Our standard size felt pads will be 11" x 3" in either plain or magnet backed. 

The plain felt pad is meant to be glued to a substrate. Can be used as either a replacement or upgrade. 

The magnet backed version is compatible with any base that's got a steel plate or magnetic receptive material on it's face (top side) and also bases that are solid steel plates.


----------



## brianh (Mar 15, 2015)

Definitely getting one, great news, Dave!


----------



## Seth (Mar 15, 2015)

The magnetic block is great if you are into to polishing blades; just lay the knife on it for safety. Never cut yourself again at least on single bevels.


----------



## Dave Martell (Mar 17, 2015)

Oooooo....felt is in the house. I'll have it up on the site tomorrow afternoon.


----------



## aboynamedsuita (Mar 17, 2015)

Dave Martell said:


> Oooooo....felt is in the house. I'll have it up on the site tomorrow afternoon.



Cool, just curious is it available in sizes other than 11"x3" as well?


----------



## Dave Martell (Mar 17, 2015)

tjangula said:


> Cool, just curious is it available in sizes other than 11"x3" as well?

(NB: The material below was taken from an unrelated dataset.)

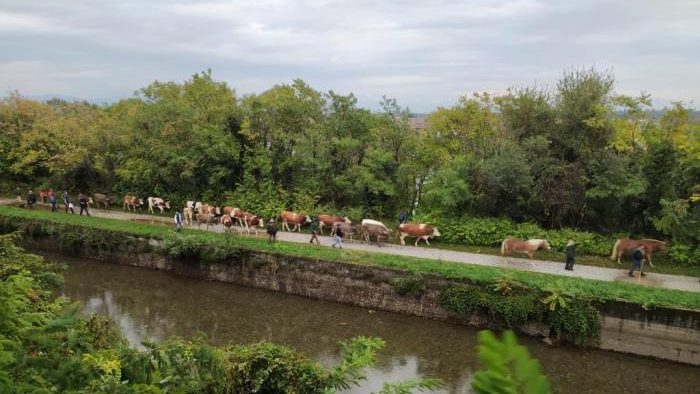 I bovini che parteciperanno alla Transumanza provengono da stalle di Serina in val Brembana. Hanno trascorso insieme l’estate in alpeggio in alta valle rientrando a piedi alle stalle in paese. Sono animali rustici (duplice attitudine), che pascolano anche nelle stagioni intermedie compiendo sempre discreti spostamenti.

No, not at this time, sorry.


----------



## labor of love (Mar 17, 2015)

I cant wait. I got a felt strop from you maybe a year and half ago or so, and it was seriously good stuff!


----------



## Dave Martell (Mar 17, 2015)

labor of love said:


> I cant wait. I got a felt strop from you maybe a year and half ago or so, and it was seriously good stuff!




Awesome - thanks!


----------



## Dave Martell (Mar 18, 2015)

*Felt* is in stock. 

Due to the large number of in stock requests, as well as the small amount I actually got in, I thought it best to be fair and put a limit on 2 pads per customer. 

_*I do have more felt on order but have no idea when it will arrive._


----------



## Dave Martell (Sep 2, 2015)

Update>

I've heard from India and I should be getting more felt in by the end of September/early October. As usual it'll be first come first served although I'm considering doing a pre-order this time to be fair as possible. What do you guys think about that? 

PS - I'll get diamond sprays in as well.


----------



## Smurfmacaw (Sep 2, 2015)

I would be interested in a couple of felt pads of that size.


----------



## malexthekid (Sep 2, 2015)

I would definitely be interested, depending on how badly the aussie dollar tanks between now and then


----------



## KCMande (Sep 2, 2015)

I could use a couple of mag back felts


----------



## ecchef (Sep 3, 2015)

Dave, which abrasives do you recommend for use with these pads?


----------



## joetbn (Sep 3, 2015)

I would do a pre-order!


----------



## mark76 (Sep 3, 2015)

Dave, the link you provided above brings me to an empty page.


----------



## Dave Martell (Sep 3, 2015)

ecchef said:


> Dave, which abrasives do you recommend for use with these pads?




I've come to like diamond sprays. The new 3 micron (green) diamond spray I'm selling is my current favorite for felt. It really makes for a bitey edge yet isn't so aggressive as to create a burr and still allows for good push cutting.


----------



## Dave Martell (Sep 3, 2015)

mark76 said:


> Dave, the link you provided above brings me to an empty page.




Yeah that link is old.


----------



## mark76 (Sep 3, 2015)

Dave Martell said:


> Yeah that link is old.



It would be useful if you had a new one .


----------